An understanding of fundamentals of ATARI BASIC makes it possible to write some interesting applications. These can be strictly BASIC operations, or they can also involve features of the operating system.

Example 1 - String Initialization - This program will set all the bytes of a string of any length to the same value. BASIC copies the first byte of the source string into the first byte of the destination string, then the second, third, and so on. By making the destination string the second byte of the source, the same character can be stored throughout the entire string.

Example 2 - Delete Lines Of Code - By using a feature of the operating system, a program can delete or modify lines of code within itself. The screen editor can be set to accept data from the screen without user input.

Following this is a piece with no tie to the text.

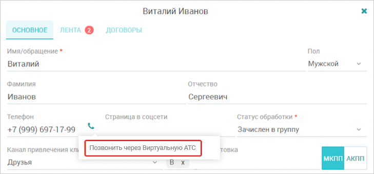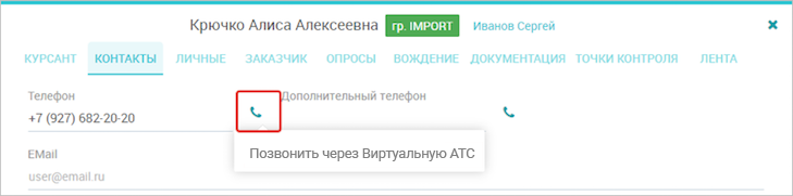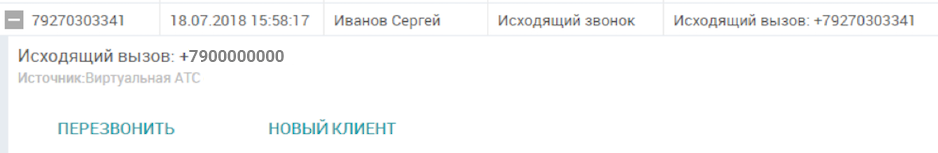 Прямо из карточке клиента вы сможете позвонить через АТС. Кнопка расположена справа от номера телефона:
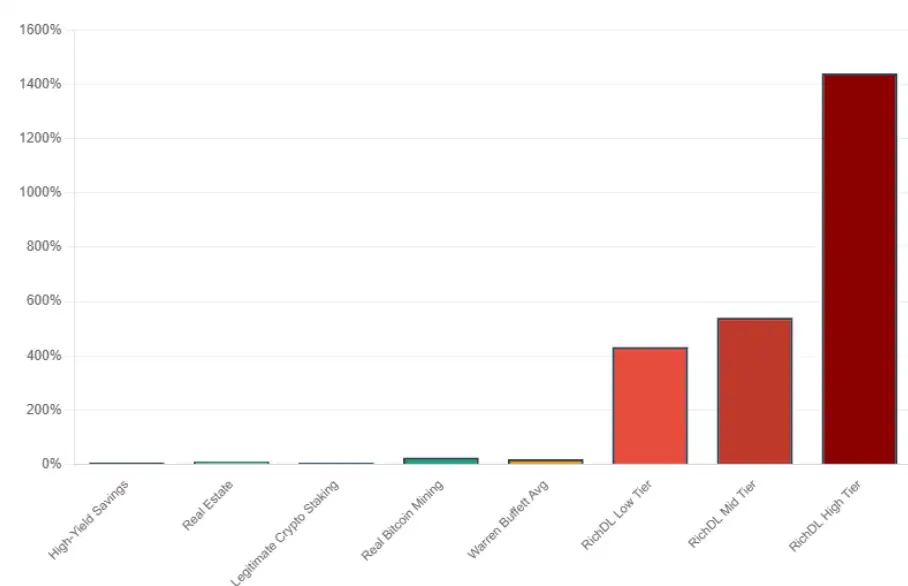 No. Real mining gives 5–20% yearly; Rich Miner promises up to 120% monthly.

Thus by first setting up the screen, positioning the cursor to the top, and then stopping the program, BASIC will be getting the commands that have been printed on the screen.

Example 3 - Player/Missile (P/M) Graphics With Strings - A fast way to move player/missile graphics data is shown in this example. A dimensioned string has its string/array area offset value changed to point to the P/M graphics area. Writing to this string with an assignment statement will now write data into the P/M area at assembly language rates.